In Haskell, object-oriented programming is hardly adopted. In my humble opinion, this is because:

* A lot of patterns used in other OOP languages can be replaced by other features of Haskell: polymorphism, first-class functions, ExistentialQuantification, etc.
* Scarce use cases: few projects need to encapsulate states while handling various operations.
* Potential disgust for OOP.

The Motivation
----

Still, occasionally, we need objects.

When a method is invoked, an object performs an action, potentially modifying its hidden state.
The important property here is that objects have the same type as long as the interface (i.e. set of operations) are the same, even if the type of their states are different. Thus objects are extensible in terms of entities: you can add a new entity without changing any data types. This is not possible with sum types.

A method takes 0 or more arguments, and returns a result. Some streaming libraries like `pipes` can express this kind of interactivity, but only when it has exactly one operation. One reasonable approach would be to represent an interface as a GADT. We call these constructors "messages".

```haskell
data Hello x where
  Hello :: Hello ()
  Increment :: Int -> Hello Int
```

We want to translate `Hello a` into `m a` where `m` is a monad, but `forall a. Hello a -> m a` isn't stateful unless `m` utilises some extra machinery to maintain the state.
If `m` is weaker than `ST` or `IO`, we can't use references. If `m` is a state monad, the state is not hidden.

Mealy machines
----

A Mealy machine is a state machine that produces an output for each input. Objects take messages and returns a result; behaves exactly like a Mealy machine.

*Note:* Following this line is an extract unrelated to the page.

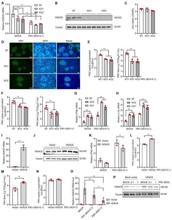 HDAC6 positively regulates PRV infection in PK15 cells. HDAC6 KO cells were screened by CRISPR/Cas9 strategy and the selected single cell colonies were identified by qPCR and WB analyzing HDAC6 mRNA (A) and protein (B) levels, respectively. Cell viability of KO cells was determined by the CCK8 assay after seeding for 24 h at the same density as NT cells (C). The KO and NT control cells were infected with PRV at moi = 0.1. After 24 h, PRV infectivity was assessed by IF assay to label PRV antigen (D) in the infected cells. Scale bars = 100 μm. Viral DNA copies and TCID50 titers were determined in the culture supernatant between KO and NT cells infected with PRV at moi = 0.1 (E) and 1 (F). Mock and PRV-infected NT and KO cells were harvested for total RNA extraction and subjected to qPCR to quantify the mRNA expression levels of IFNβ (G) and IL1β (H). PK15 cells were transfected with HDAC6-expressing plasmid and blank vector as control. The overexpressed HDAC6 mRNA and protein levels were determined by qPCR (I) and western blot (J) in the transfecting cells (J). After infection with PRV at moi = 0.1 for 24 h, IFNβ mRNA expression in the cells (K) and PRV DNA copies in the supernatant (L) were determined by qPCR. PRV titers in supernatant were determined by TCID50 (M). PRV DNA copies in the culture supernatant were determined after infection with PRV at moi = 1 for 24 h (N). HDAC6 expression was determined by qPCR (O) and WB (P) in HDAC6-overexpressing cells with mock and PRV infection at different MOI. Error bars indicate SD. * p < 0.05, ** p < 0.01 (two-tailed unpaired Student’s t-test for (I,L–N); one-way ANOVA with Holm-Sidak’s multiple comparisons test for (C,E,F); and two-way ANOVA with Holm-Sidak’s multiple comparisons test for (A,G,H,K,O)).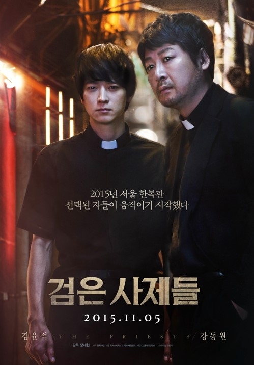 김윤석·강동원이 주연한 '검은 사제들'은 위험에 직면한 소녀를 구하기 위해 미스터리한 사건에 맞서는 두 사제의 이야기를 그린 영화다. 2015년 11월 개봉 당시 554만 명을 동원했으며, 소녀 역을 맡은 박소담이 스타덤에 올랐다.

In Haskell, mealy machines can be encoded as a recursive type:

```haskell
newtype Mealy a b = Mealy { runMealy :: a -> (b, Mealy a b) }
```

`a` and `b` are monomorphic, so no more than one method can be handled.

Polymorphosis
----

Comparing `forall a. Hello a -> m a` and `Mealy`, it seems possible to combine these two, using `Rank2Types`:

```haskell
newtype Object f g = Object { runObject :: forall x. f x -> g (x, Object f g) }
```

This `hello` object can handle messages maintaining the internal state.

```haskell
hello :: Int -> Object Hello IO
hello n = Object $ \case -- LambdaCase extension
  Increment m -> return (n, hello (n + m))
  Hello -> putStrLn "Hello" >> return ((), hello n)
```

You can put `Object`s into a container. `MVar` can be used to use them like other OOPLs

`newMVar` instantiates an object. We can define a method invocation operator:

```haskell
(.-) :: MVar (Object f IO) -> f a -> IO a
v .- f = do
  obj <- takeMVar v
  (a, obj') <- restore (runObject obj f >>= evaluate) `onException` putMVar v obj
  putMVar v obj'
  return a
```

In case of exception, it will reset to the original object. This prevents the state from getting inconsistent and it seems like an improvement over other OOP implementations.

```haskell
> v <- newMVar (hello 0)
> v .- Hello
Hello
> v .- Increment 1
0
> v .- Increment 42
1
```

It works as an instance indeed.

Composition!?
----

`Object`s are composable as well as functions are (not to be confused with "composition" in OOP sense!).

```haskell
(@>>@) :: Functor h => Object f g -> Object g h -> Object f h
Object m @>>@ Object n = Object $ fmap (\((x, m'), n') -> (x, m' @>>@ n')) . n . m
```

With an identity object `echo = Object $ \f -> (\x -> (x, echo)) <$> f :: Functor f => Object f f`, they form a category of interfaces where morphisms are objects (it's double-confusing because the objects, in categorical sense, are interfaces...).

I admit the object composition isn't so important.

Mortals
----
Unlike typical objects, this object encoding can die. It's simple: the effect it produces may fail.

```haskell
newtype Mortal f g a = Mortal { unMortal :: Object f (EitherT a g) }
```

Mortals form a monad: `return` dies immediately, and the bind reincarnates an object, passing the final result.

```haskell
instance Monad m => Monad (Mortal f m) where
  return a = mortal $ const $ left a
  {-# INLINE return #-}
  m >>= k = mortal $ \f -> lift (runEitherT $ runMortal m f) >>= \r -> case r of
    Left a -> runMortal (k a) f
    Right (x, m') -> return (x, m' >>= k)
```

In game programming, typically the manager has to maintain the collection of objects. The ability to die by oneself is quite useful.

Conclusion
----

Objects can be thought of as Mealy machines of effects, and their Haskell encoding is actually straightforward. This novel building block might be too strong to use everyday, but I'm pretty sure there are places where this abstraction fits well, like game programming.